Results are also presented for the N0Sπ condition (Table 7). Each model was evaluated twice: once with the SNRs set to the highest threshold observed for the human subjects in Study 3 and once at the lowest SNRs for the subjects. Every model except sI was dominated by the fine structure of the waveform, as would be expected for conventional ITD-based models of binaural detection at low frequencies. The interaction pattern for most models differs from the results of the subjects, which indicated a more equal reliance on envelope and fine structure. The Lp, FCc, FCn, and BR models produced R2 values that were most similar to the human subjects for T+N stimuli. For some of the linear regression analyses, R2 values are (much) higher than would be expected based on the subjects’ data (e.g., all but the PO model for N0S0 conditions, and the Wav and Xav models at low SNRs for N0Sπ conditions). This result suggests that the dependence of the model detection patterns on the envelope and fine-structure cues was more straightforward, and thus more predictable, than for the human subjects. The subject data from Study 3 indicate that a linear combination of average cues derived from the envelope and fine structure should not account for all of the predictable variance in the E1F1 and E2F2 detection patterns and suggest instead models may need some form of running temporal combination of envelope and fine-structure cues. Thus, the reliance on envelope and fine structure is likely a necessary, but insufficient, condition for predicting subjects’ detection patterns. Internal noise added at the decision stage would reduce the correlations between model results and the envelope or fine-structure cues, but addition of internal noise would not produce the patterns of correlations seen in the data.

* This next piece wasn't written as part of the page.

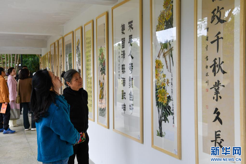 12月19日,群众在深圳东湖公园主会场观看“菊韵廉心”书画展。

CONCLUSIONS AND FUTURE WORK
The results of the present study show that several existing diotic models that have successfully predicted subjects’ thresholds for tone-in-noise detection tasks cannot explain diotic detection patterns for reproducible noise maskers. In particular, none of the temporal models examined in this work were able to predict significant proportions of variance in all subjects’ data; this was true even when energy cues were made unreliable, forcing subjects to rely on cues other than overall energy. A model based on a linear combination of energies at the output of several filters surrounding the target frequency (MD; Ahumada and Lovell, 1971; Ahumada et al., 1975; Gilkey and Robinson, 1986) best predicted the N0S0 data for stimuli with level variations between noises (Study 2). A model based on envelope fluctuation (ES; Richards, 1992; Zhang, 2004) predicted N0S0 detection patterns estimated using equal-energy stimuli (Study 3) more accurately than either the Dau et al. (1996a) or Breebaart et al. (2001a) models.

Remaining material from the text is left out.